Exercise 4.6 Quoting Alan Agresti (Categorical Data Analysis, 3rd Edition, Section 4.7.4):

Teratology is the study of abnormalities of physiological development. Some teratology experiments investigate effects of dietary regimens or chemical agents on the fetal development of rats in a laboratory setting. Table 4.7 shows results from one such study (Moore and Tsiatis 1991). Female rats on iron-deficient diets were assigned to four groups. Rats in group 1 were given placebo injections, and rats in other groups were given injections of an iron supplement; this was done weekly in group 4, only on days 7 and 10 in group 2, and only on days 0 and 7 in group 3. The 58 rats were made pregnant, sacrificed after three weeks, and then the total number of dead fetuses was counted in each litter. Due to unmeasured covariates and genetic variability the probability of death may vary from litter to litter within a particular treatment group.

The data can be obtained by running the following commands.

rats_path <- paste0("https://raw.githubusercontent.com/theodds/", 
                    "SDS-383D/main/rats.csv")
rats <- read.table(rats_path, sep = "\t", header = TRUE)
head(rats)
##   litter group  n  y
## 1      1     1 10  1
## 2      2     1 11  4
## 3      3     1 12  9
## 4      4     1  4  4
## 5      5     1 10 10
## 6      6     1 11  9

Our interest is in the relationship between the treatment group and the number of dead fetuses. As this is our first treatment of binomial (as opposed to Bernoulli) data, I will show how to fit the a binomial glm:

rats_binomial <- glm(cbind(y, n - y) ~ factor(group), 
                     family = binomial, 
                     data = rats)

The response is given in two columns: the number of successes and number of failures for each observation (we did not need to do this with Bernoulli data since the number of trials is always 1).

  1. Based on the fit of the binomial model, do rats in the placebo group appear to have a fewer proportion of dead fetuses? Justify your conclusions by appropriately accounting for uncertainty.

  2. Using the same strategies you used for the Poisson, assess whether this data is overdispersed relative to the binomial distribution (make the necessary modifications to \(\widehat \phi\)).

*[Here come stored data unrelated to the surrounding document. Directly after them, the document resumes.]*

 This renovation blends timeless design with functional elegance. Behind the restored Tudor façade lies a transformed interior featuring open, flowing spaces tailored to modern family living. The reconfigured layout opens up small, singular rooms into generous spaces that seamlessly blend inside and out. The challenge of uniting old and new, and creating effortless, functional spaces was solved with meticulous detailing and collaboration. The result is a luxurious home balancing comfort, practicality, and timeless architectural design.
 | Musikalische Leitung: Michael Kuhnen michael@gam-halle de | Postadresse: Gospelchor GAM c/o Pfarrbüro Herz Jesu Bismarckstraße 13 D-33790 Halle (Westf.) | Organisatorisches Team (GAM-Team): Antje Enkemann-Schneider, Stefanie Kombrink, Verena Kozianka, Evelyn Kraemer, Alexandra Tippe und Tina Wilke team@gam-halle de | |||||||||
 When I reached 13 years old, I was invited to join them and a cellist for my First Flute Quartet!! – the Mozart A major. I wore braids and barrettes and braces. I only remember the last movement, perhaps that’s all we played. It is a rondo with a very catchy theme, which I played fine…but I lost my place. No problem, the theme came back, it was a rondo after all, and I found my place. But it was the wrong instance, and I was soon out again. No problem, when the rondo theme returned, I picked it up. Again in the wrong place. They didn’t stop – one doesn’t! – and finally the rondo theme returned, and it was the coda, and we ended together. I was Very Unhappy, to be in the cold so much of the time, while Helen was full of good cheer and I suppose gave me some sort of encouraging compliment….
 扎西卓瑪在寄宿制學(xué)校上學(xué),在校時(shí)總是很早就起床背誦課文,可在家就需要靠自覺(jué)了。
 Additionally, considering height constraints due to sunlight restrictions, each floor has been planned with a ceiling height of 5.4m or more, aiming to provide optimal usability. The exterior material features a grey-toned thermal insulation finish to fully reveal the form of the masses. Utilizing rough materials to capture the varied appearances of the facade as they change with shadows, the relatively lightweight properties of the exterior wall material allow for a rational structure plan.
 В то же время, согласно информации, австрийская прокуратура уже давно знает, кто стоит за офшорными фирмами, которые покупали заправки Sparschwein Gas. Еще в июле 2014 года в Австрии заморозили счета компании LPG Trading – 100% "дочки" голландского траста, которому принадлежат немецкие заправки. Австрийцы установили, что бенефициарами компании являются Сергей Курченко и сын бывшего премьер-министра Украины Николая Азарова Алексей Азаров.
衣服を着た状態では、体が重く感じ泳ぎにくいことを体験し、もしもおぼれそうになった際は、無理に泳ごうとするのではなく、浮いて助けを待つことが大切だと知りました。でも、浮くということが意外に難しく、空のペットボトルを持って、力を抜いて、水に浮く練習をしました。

  3. Use the aod package to fit a beta-binomial model to the data. Do your qualitative conclusions change? How does this choice affect the standard errors of the effects of interest?

4.2 Semiparametric Modeling with Quasi Likelihood

In some sense, the problem with overdispersion for count and proportion data is that we are restricted to having \(\phi = 1\). We might instead be better served by some other value \(\phi > 1\). For the Poisson model this would allow us (say) to take \(\operatorname{Var}(Y_i) = 2 \mu_i\) rather than forcing \(\operatorname{Var}(Y_i) = \mu_i\).

One might hope that we could write down an exponential dispersion family which has \(\phi \ne 1\) but is otherwise like the Poisson model in that \(b(\theta) = e^\theta\). Unfortunately this is not possible. Oddly, while a density/mass function of the form above may not exist, we can still develop useful methodology as though it did.

As the idea of using a probabilistic model which “doesn’t exist” might seem concerning to reasonable people, before proceeding we will present a general tool for constructing estimators from moment equations.

4.2.1 \(M\)-Estimation

Consider iid random vectors \(Z_1, \ldots, Z_N \stackrel{\text{iid}}{\sim}F_0\) for some distribution \(F_0\). Often we will only be interested in a parameter \(\beta = \beta(F)\) rather than the whole distribution \(F\).

Exercise 4.7 Let \(\beta = \beta(F)\) be a parameter of interest and let \(\beta_0 = \beta(F_0)\) denote its true value. Let \(m(z; \beta)\) be a function taking values in \(\mathbb R^{P}\) where \(P = \dim(\beta)\) such that \(\mathbb E\{m(Z; \beta)\} = 0\) only when \(\beta = \beta_0\). We define the \(M\)-estimator of \(\beta_0\) via the estimating equation \[ \frac{1}{N} \sum_{i=1}^N m(Z_i; \widehat \beta) = 0, \] solving the “finite-sample” version of the population equation \(\mathbb E\{m(Z_i ; \beta_0)\} = 0\).

Informally, argue that the asymptotic distribution of \(\widehat \beta\) is \[ \widehat \beta \stackrel{{}_{\bullet}}{\sim}\operatorname{Normal}(\beta_0, V_N), \] where the covariance matrix \(V_N\) is given by the sandwich matrix \(B_N^{-1} C_N B_N^{-\top} / N\) with \[ B_N = -\mathbb E\{m'(Z_1 ; \beta_0)\} \quad \text{and} \quad C_N = \mathbb E\{m(Z_i;\beta_0) \, m(Z_i ; \beta_0)^\top\}, \] and where \(m'(z; \beta) = \frac{\partial}{\partial \beta} m(z; \beta)\) is the Jacobian matrix of \(m(z;\beta)\) with respect to \(\beta\). Then, propose estimators for \(B_N\) and \(C_N\) which can be used in practice.

Hint: Taylor expand \(N^{-1} \sum_{i=1}^N m(Z_i; \beta_0)\) about \(\widehat \beta\) and ignore the remainder.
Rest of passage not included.